Thread: Best way to store case-insensitive data?
I have a column called "email" that users login with, thus I need to be able to lookup email very quickly. The problem is, emails are case-insensitive. I want foo@bar.com to be able to login with FOO@Bar.com as well. There's two ways of doing this, that I can see: 1) Every time I lookup an email in the database, do a case-insensitive ilike, or cast both sides with LOWER(). I think both are slow, correct? 2) Every time the user updates or saves their email, store it in lowercase, and every time I lookup an email, pass in a lowercase email. This is somewhat of a bug farm because one might miss some little spot in a piece of code where an email is compared or updated. Is there any way to tell postgres to always store data in lowercase form, or just have a flat out case-insensitive column? Thanks!

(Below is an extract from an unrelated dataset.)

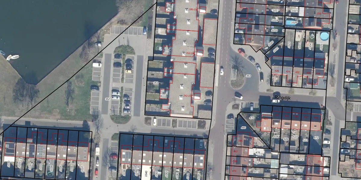 Het perceel waarop Ringdijk 244 staat heeft een oppervlakte van 2578 m². Dit is een zeer groot perceel. De perceeloppervlakte wordt geregistreerd door het Kadaster. Gedetailleerde informatie over de maten van dit perceel kunt u vinden in het rapport Kadastrale kaart met maatvoering van Ringdijk 244.

Mike
On 6/10/2010 3:50 PM, Mike Christensen wrote: > I have a column called "email" that users login with, thus I need to > be able to lookup email very quickly. The problem is, emails are > case-insensitive. I want foo@bar.com to be able to login with > FOO@Bar.com as well. There's two ways of doing this, that I can see: > > 1) Every time I lookup an email in the database, do a case-insensitive > ilike, or cast both sides with LOWER(). I think both are slow, > correct? > 2) Every time the user updates or saves their email, store it in > lowercase, and every time I lookup an email, pass in a lowercase > email. This is somewhat of a bug farm because one might miss some > little spot in a piece of code where an email is compared or updated. > > Is there any way to tell postgres to always store data in lowercase > form, or just have a flat out case-insensitive column? Thanks! > > Mike > There is citext in contrib, it makes case insensitive text columns. -Andy
On Thu, Jun 10, 2010 at 2:50 PM, Mike Christensen <mike@kitchenpc.com> wrote: > I have a column called "email" that users login with, thus I need to > be able to lookup email very quickly. The problem is, emails are > case-insensitive. I want foo@bar.com to be able to login with > FOO@Bar.com as well. There's two ways of doing this, that I can see: > > 1) Every time I lookup an email in the database, do a case-insensitive > ilike, or cast both sides with LOWER(). I think both are slow, > correct? > 2) Every time the user updates or saves their email, store it in > lowercase, and every time I lookup an email, pass in a lowercase > email. This is somewhat of a bug farm because one might miss some > little spot in a piece of code where an email is compared or updated. > > Is there any way to tell postgres to always store data in lowercase > form, or just have a flat out case-insensitive column? Thanks! The contrib module citext provides a case insensitive text type.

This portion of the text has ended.